Our approach focuses on improving RNA editing site prediction using transformer-based models, specifically GPT-4o-mini, in a continual fine-tuning (CFT) paradigm. This methodology allows the model to progressively learn from lower to higher editing thresholds (1%, 5%, 10%, 15%), refining its understanding of RNA editing patterns.
We trained the model using a liver-specific dataset derived from GTEx, ensuring minimal interference from non-relevant ADAR isoforms. The training procedure included:
A) Data Collection & Preprocessing
- Extracting double-stranded RNA (dsRNA) structures from Alu elements.
- Annotating editing levels based on GTEx liver data.
- Predicting RNA secondary structures using ViennaRNA(RNAfold) and converting into Vienna format.
Data Partitioning
- Overlapping Sites: Multiple thresholds assigned per site (e.g., 1-5%, 5-10%).
- Non-Overlapping Sites: Each site belongs to one distinct threshold to ensure clearer distinctions.
B) RNA Editing as a Classification Problem
- Framing RNA editing site prediction as a binary classification task.
- The model determines whether a given adenosine is edited (Yes/No) based on its sequence and structure.
- Training labels are derived from GTEx data, assigning a binary label to each adenosine.
C) Comparing Fine-Tuning Strategies (SFT vs. CFT)
- Static Fine-Tuning (SFT): Training on a single threshold (e.g., only 15% editing).
- Continual Fine-Tuning (CFT): Gradual training from low (1%) to high (15%) editing levels.
- CFT enables better adaptation across editing ranges, leading to more robust classification performance.
First, clone this repository.
You may use the file environment.yml
to create anaconda environment (python 3.8) with the required packages.
- Save the
environment.yml
file in your project directory, then run the following command:
conda env create -f environment.yml
- Activate the Environment:
conda activate A2IRnaEditing
For the classification task, data preparation involves extracting RNA sequences, computing secondary structures, and assigning editing labels for liver tissue. Classification Data Creation Script: This script generates the dsRNA structure and processes RNA sequences to classify editing sites based on their structural and sequence context.
To run this script, navigate to the Script/data_preparation folder and use the following command:
python Classification_Data_Creation_Liver.py [-h] --pair_region PAIR_REGION --output_dir OUTPUT_DIR
--editing_site_plus EDITING_SITE_PLUS
--editing_site_minus EDITING_SITE_MINUS --genome GENOME
Outputs:
- data_for_prepare_classification.csv – Processed classification data
Data balancing ensures equal representation of edited and non-edited sites across different editing levels, preventing bias in model training.

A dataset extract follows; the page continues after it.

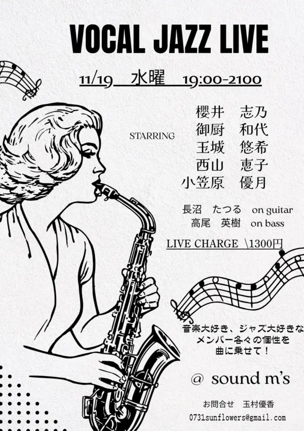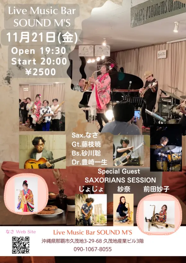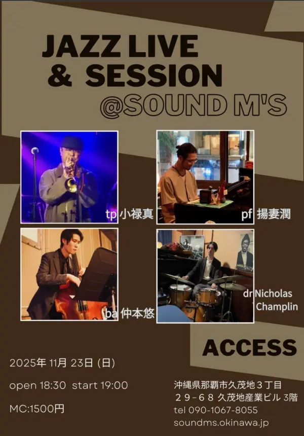 ★ジャズセッション・開場:19時30分/開演:20時・MEMBER=村松志門(sx)/佐久本ジョーイチ(gt)/上原淳(bs)/金城吉雄(dr)・会場=Live Music Bar SOUND M’S

To generate balanced classification datasets for different editing thresholds, navigate to the Script/data_preparation directory and run the following command:
Rscript Division_thresholds_overlapping.R -i <input file(data_for_prepare_classification.csv)> -o < output_dir>
This script divides the dataset into overlapping editing levels (1%, 5%, 10%, 15%) and ensures balanced distributions of edited and non-edited sites. The output consists of four files, each corresponding to a different threshold.

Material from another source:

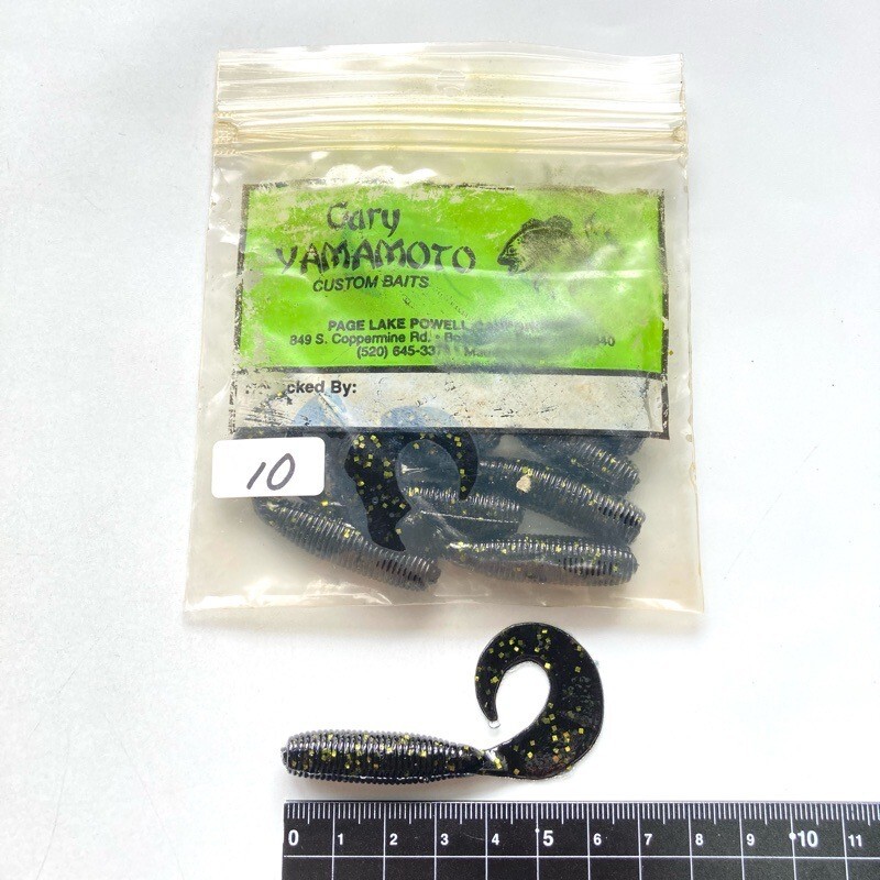 > 816045 ゲーリーヤマモト 4インチ シングルテールグラブ 10本 GARY YAMAMOTO #159 ミッドナイトブルー/チャートフレーク オールド品

For non-overlapping classification thresholds, use the following command:
Rscript Division_thresholds_non_overlapping.R -i <input file(data_for_prepare_classification.csv)> -o < output_dir>
This script allows a site to belong to multiple editing level categories, resulting in four output files similar to the overlapping approach.
To prepare the data for GPT fine-tuning, navigate to the Script/data_preparation directory and run the following command:
python Model_Input_Preparation_Classification.py <input_csv>
This script processes the classification dataset into a structured JSONL format for model training and evaluation. Outputs:
- train_.jsonl – Training dataset
- valid_.jsonl – Validation dataset
The inference process differs based on the training methodology used. In CFT (Continual Fine-Tuning), inference is performed iteratively, where each model serves as the basis for fine-tuning the next model. The key distinction is that each inference step is applied to a different model fine-tuned on progressively refined data. This approach allows for continuous improvement in predictions across multiple runs. In contrast, SFT (Single Fine-Tuning) involves training a model directly on a dataset with a specific editing level, making inference a one-step process where the model is applied directly to new data without iterative refinements.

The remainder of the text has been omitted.